[Sca-cooks] 10th cent Welsh foods
t.d.decker at worldnet.att.net
Sat Mar 29 20:28:50 PDT 2008
> - archeoology. Does Wales have anything like Haithabu
> or York in terms of waterlogged organic finds?
> Archeobotany should be a goldmine in any place so wet.
> That can give you an idea of the kinds of animals and
> plants certainly consumed in the area at the time. The
> same goes for cooking implements and, if you are
> lucky, even kitchen setups.
Most Welsh sites are very early or relatively late. Towns in Wales date
largely from the 11th Century onward, when everybody was building castles to
defend their land. I believe there is a 13th Century Medieval history
village named Cosmestan that might prove of interest.
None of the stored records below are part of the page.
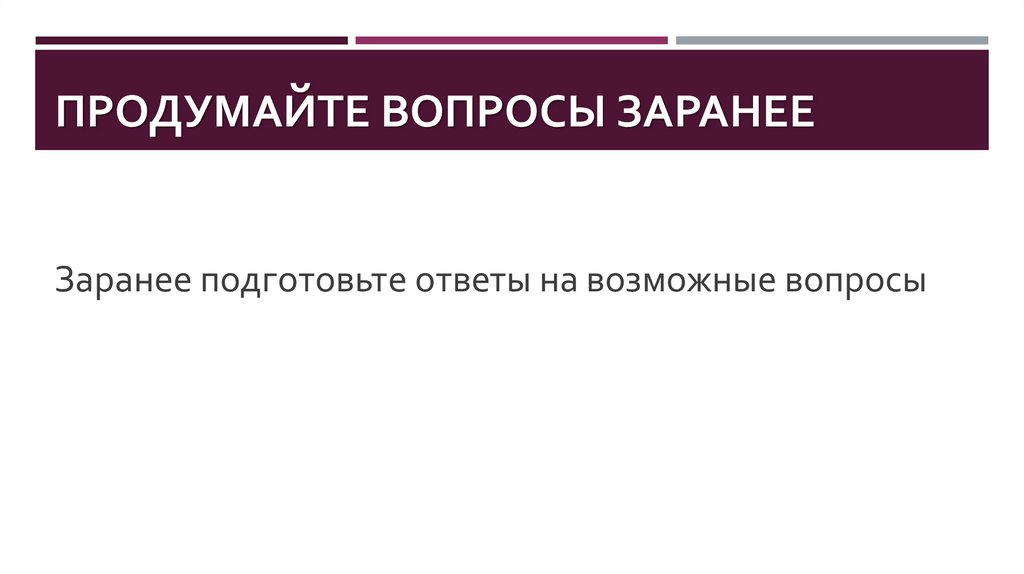 ПРОДУМАЙТЕ ВОПРОСЫ ЗАРАНЕЕЗаранее подготовьте ответы на возможные вопросы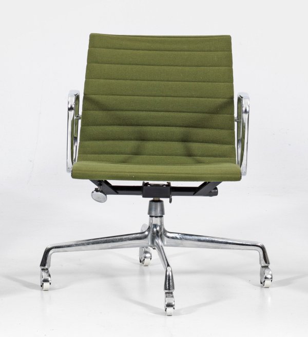 Modell EA 117. Aluminium, verchromt und grüner Stoff. Zylinderförmiger Schaft auf sog. Stern-Fuß mit Rollen als Träger für ehemals höhenverstellbare, flache Sitzfläche, in entsprechende Rückenlehne übergehend. Seitlich gebogte Armlehnen. Entw. Charles Eames, 1958. Sitz-H. 42 cm.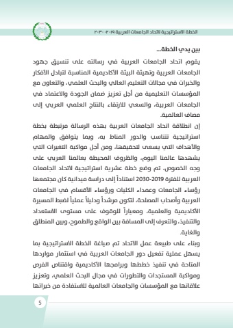 %u0627%u0644%u062e%u0637%u0629 %u0627%u0627%u0644%u0633%u0631%u062a%u0627%u062a%u064a%u062c%u064a%u0629 %u0627%u0644%u062a%u062d%u0627%u062f %u0627%u0644%u062c%u0627%u0645%u0639%u0627%u062a %u0627%u0644%u0639%u0631%u0628%u064a%u0629 2019 -20305%u0628%u0646%u064a %u064a%u062f%u064a %u0627%u0644%u062e%u0637%u0629... %u064a%u0642%u0648%u0645 %u0627%u062a%u062d%u0627%u062f %u0627%u0644%u062c%u0627%u0645%u0639%u0627%u062a %u0627%u0644%u0639%u0631%u0628%u064a%u0629 %u064a%u0641 %u0631%u0633%u0627%u0644%u062a%u0647 %u0639%u0649%u0644 %u062a%u0646%u0633%u064a%u0642 %u062c%u0647%u0648%u062f %u0627%u0644%u062c%u0627%u0645%u0639%u0627%u062a %u0627%u0644%u0639%u0631%u0628%u064a%u0629 %u0648%u062a%u0647%u064a%u0626%u0629 %u0627%u0644%u0628%u064a%u0626%u0629 %u0627%u0623%u0644%u0643%u0627%u062f%u0645%u064a%u064a%u0629 %u0627%u0645%u0644%u0646%u0627%u0633%u0628%u0629 %u0644%u062a%u0628%u0627%u062f%u0644 %u0627%u0623%u0644%u0641%u0643%u0627%u0631 %u0648%u0627%u0644%u062e%u0631%u0628%u0627%u062a %u064a%u0641 %u0645%u062c%u0627%u0627%u0644%u062a %u0627%u0644%u062a%u0639%u0644%u064a%u0645 %u0627%u0644%u0639%u0627%u064a%u0644 %u0648%u0627%u0644%u0628%u062d%u062b %u0627%u0644%u0639%u0644%u0645%u064a%u060c %u0648%u0627%u0644%u062a%u0639%u0627%u0648%u0646 %u0645%u0639 %u0627%u0645%u0644%u0624%u0633%u0633%u0627%u062a %u0627%u0644%u062a%u0639%u0644%u064a%u0645%u064a%u0629 %u0645%u0646 %u0623%u062c%u0644 %u062a%u0639%u0632%u064a%u0632 %u0636%u0627%u0645%u0646 %u0627%u0644%u062c%u0648%u062f%u0629 %u0648%u0627%u0627%u0644%u0639%u062a%u0627%u0645%u062f %u064a%u0641 %u0627%u0644%u062c%u0627%u0645%u0639%u0627%u062a %u0627%u0644%u0639%u0631%u0628%u064a%u0629%u060c %u0648%u0627%u0644%u0633%u0639%u064a %u0644%u0627%u0644%u0631%u062a%u0642%u0627%u0621 %u0628%u0627%u0644%u0646%u062a%u0627%u062c %u0627%u0644%u0639%u0644%u0645%u064a %u0627%u0644%u0639%u0631%u064a%u0628 %u0625%u0649%u0644 %u0645%u0635%u0627%u0641 %u0627%u0644%u0639%u0627%u0645%u0644%u064a%u0629.%u0625%u0646 %u0627%u0646%u0637%u0627%u0644%u0642%u0629 %u0627%u062a%u062d%u0627%u062f %u0627%u0644%u062c%u0627%u0645%u0639%u0627%u062a %u0627%u0644%u0639%u0631%u0628%u064a%u0629 %u0628%u0647%u0630%u0647 %u0627%u0644%u0631%u0633%u0627%u0644%u0629 %u0645%u0631%u062a%u0628%u0637%u0629 %u0628%u062e%u0637%u0629 %u0627%u0633%u0631%u062a%u0627%u062a%u064a%u062c%u064a%u0629 %u062a%u062a%u0646%u0627%u0633%u0628 %u0648%u0627%u0644%u062f%u0648%u0631 %u0627%u0645%u0644%u0646%u0627%u0637 %u0628%u0647%u060c %u0648%u0645%u0628%u0627 %u064a%u062a%u0648%u0627%u0641%u0642 %u0648%u0627%u0645%u0644%u0647%u0627%u0645 %u0648%u0627%u0623%u0644%u0647%u062f%u0627%u0641 %u0627%u0644%u062a%u064a %u064a%u0633%u0639%u0649 %u0644%u062a%u062d%u0642%u064a%u0642%u0647%u0627%u060c %u0648%u0645%u0646 %u0623%u062c%u0644 %u0645%u0648%u0627%u0643%u0628%u0629 %u0627%u0644%u062a%u063a%u0631%u064a%u0627%u062a %u0627%u0644%u062a%u064a %u064a%u0634%u0647%u062f%u0647%u0627 %u0639%u0627%u0645%u0644%u0646%u0627 %u0627%u0644%u064a%u0648%u0645%u060c %u0648%u0627%u0644%u0638%u0631%u0648%u0641 %u0627%u0645%u0644%u062d%u064a%u0637%u0629 %u0628%u0639%u0627%u0645%u0644%u0646%u0627 %u0627%u0644%u0639%u0631%u064a%u0628 %u0639%u0649%u0644 %u0648%u062c%u0647 %u0627%u0644%u062e%u0635%u0648%u0635%u060c %u062a%u0645 %u0648%u0636%u0639 %u062e%u0637%u0629 %u0639%u0631%u0634%u064a%u0629 %u0627%u0633%u0631%u062a%u0627%u062a%u064a%u062c%u064a%u0629 %u0627%u0644%u062a%u062d%u0627%u062f %u0627%u0644%u062c%u0627%u0645%u0639%u0627%u062a %u0627%u0644%u0639%u0631%u0628%u064a%u0629 %u0644%u0644%u0641%u0631%u062a%u0629 2019-2030 %u0627%u0633%u062a%u0646%u0627%u062f%u0627%u064b %u0625%u0649%u0644 %u062f%u0631%u0627%u0633%u0629 %u0645%u064a%u062f%u0627%u0646%u064a%u0629 %u0643%u0627%u0646 %u0645%u062c%u062a%u0645%u0639%u0647%u0627 %u0631%u0624%u0633%u0627%u0621 %u0627%u0644%u062c%u0627%u0645%u0639%u0627%u062a %u0648%u0639%u0645%u062f%u0627%u0621 %u0627%u0644%u0643%u0644%u064a%u0627%u062a %u0648%u0631%u0624%u0633%u0627%u0621 %u0627%u0623%u0644%u0642%u0633%u0627%u0645 %u064a%u0641 %u0627%u0644%u062c%u0627%u0645%u0639%u0627%u062a %u0627%u0644%u0639%u0631%u0628%u064a%u0629 %u0648%u0623%u0635%u062d%u0627%u0628 %u0627%u0645%u0644%u0635%u0644%u062d%u0629%u060c %u0644%u062a%u0643%u0648%u0646 %u0645%u0631%u0634%u062f%u0627%u064b %u0648%u062f%u0644%u064a%u0627%u0644%u064b %u0639%u0645%u0644%u064a%u0627%u064b %u0644%u0636%u0628%u0637 %u0627%u0645%u0644%u0633%u0631%u064a%u0629 %u0627%u0623%u0644%u0643%u0627%u062f%u0645%u064a%u064a%u0629 %u0648%u0627%u0644%u0639%u0644%u0645%u064a%u0629%u060c %u0648%u0645%u0639%u064a%u0627%u0631%u0627%u064b %u0644%u0644%u0648%u0642%u0648%u0641 %u0639%u0649%u0644 %u0645%u0633%u062a%u0648%u0649 %u0627%u0627%u0644%u0633%u062a%u0639%u062f%u0627%u062f %u0648%u0627%u0644%u062a%u0646%u0641%u064a%u0630%u060c %u0648%u0627%u0644%u062a%u0639%u0631%u0641 %u0625%u0649%u0644 %u0627%u0645%u0644%u0633%u0627%u0641%u0629 %u0628%u0646%u064a %u0627%u0644%u0648%u0627%u0642%u0639 %u0648%u0627%u0644%u0637%u0645%u0648%u062d%u060c %u0648%u0628%u0646%u064a %u0627%u0645%u0644%u0646%u0637%u0644%u0642 %u0648%u0627%u0644%u063a%u0627%u064a%u0629.%u0648%u0628%u0646%u0627%u0621 %u0639%u0649%u0644 %u0637%u0628%u064a%u0639%u0629 %u0639%u0645%u0644 %u0627%u0627%u0644%u062a%u062d%u0627%u062f %u062a%u0645 %u0635%u064a%u0627%u063a%u0629 %u0627%u0644%u062e%u0637%u0629 %u0627%u0627%u0644%u0633%u0631%u062a%u0627%u062a%u064a%u062c%u064a%u0629 %u0645%u0628%u0627 %u064a%u0633%u0647%u0644 %u0639%u0645%u0644%u064a%u0629 %u062a%u0641%u0639%u064a%u0644 %u062f%u0648%u0631 %u0627%u0644%u062c%u0627%u0645%u0639%u0627%u062a %u0627%u0644%u0639%u0631%u0628%u064a%u0629 %u064a%u0641 %u0627%u0633%u062a%u062b%u0627%u0645%u0631 %u0645%u0648%u0627%u0631%u062f%u0647%u0627 %u0627%u0645%u0644%u062a%u0627%u062d%u0629 %u064a%u0641 %u062a%u0646%u0641%u064a%u0630 %u062e%u0637%u0637%u0647%u0627 %u0648%u0628%u0631%u0627%u0645%u062c%u0647%u0627 %u0627%u0623%u0644%u0643%u0627%u062f%u0645%u064a%u064a%u0629 %u0648%u0627%u0642%u062a%u0646%u0627%u0635 %u0627%u0644%u0641%u0631%u0635 %u0648%u0645%u0

> - literature. Wales has Dark Age law codes, doesn't
> it? How close do the epic poems come to the time? I
> haven't seen this done for Wales, but when I was at
> Trinity, a lecturer gave a very credible account of
> Irish upper-class foods from the Brehon law,
> archeological evidence, monastic accounts and the
> unpronounceable song about that cattle raid (Taine bo
> Cuailgneagheounghhethieanieoe or something).
Welsh law was codified in 945 under Hwyel Dda. There is what appears to be
an English commentary on this code published in 1954, M. Richards, The Laws
of Hwyel Dda, Liverpool, Liverpool University Press.
On might also check The Journey Thru Wales and the Description of Wales by
Gerald of Wales. It's 12th Century, but possibly useful. I used his work
on Ireland to figure out some of the fish that were and weren't available in
> - broader context. What contacts would your persona
> have had? What kind of exotic foods and foodways would
> he have been exposed to? (In this context, 'exotic'
> would mean Frisian, Viking, Anglo-Saxon, Irish,
> Breton, Gascon or Frankish rather that Arab or East
> Asian). Frex, what about Latinity? The 9th century
> Lorsch medical MS preserves a stripped-down version of
> Anthimnus 'Observance of Foods' clearly included as
> valuable medical knowledge. Would you have been part
> of that cultural sphere?
Exotic? The Vikings were in Anglesey, there was a large Irish settled area
in southwest Wales, the Anglo-Saxons were in Mercia to the east and the
Bretons are related Brythonic tribesmen driven out of England around 500 CE.
Bunch a neighbors and kin. Roman Era Wales had some rather extensive
overseas trade, but there isn't much information about trade between the 6th
and 12th Centuries.
The Cymry were Romanized Britons and actively part of the Celtic Church from
the 2nd Century to the 7th Century when it was folded into the Roman Church.
Ireland's famed monastery system was modeled on the one in Wales. So it is
very possible that they would have had various Latin texts available.
> - traditional culinary techniques. Some regional
> practioces go back pretty much forever and can lend
> local flavour to an otherwise 'generic barbarian'
> booze-up. Jacqui Wood's 'Prehistoric Cooking' does a
> good job looking into some of these.
> The advantage is that without hard and fast recipes to
> follow, you can actually cook up things that match
> your evidence and please your palate. It can be fun.
> Not anything you could put in as an A&S project, but
> if you stay within the bounds of plausibility (and
> please, no honey butter - all references I have come
> across are biblical) you will do just fine.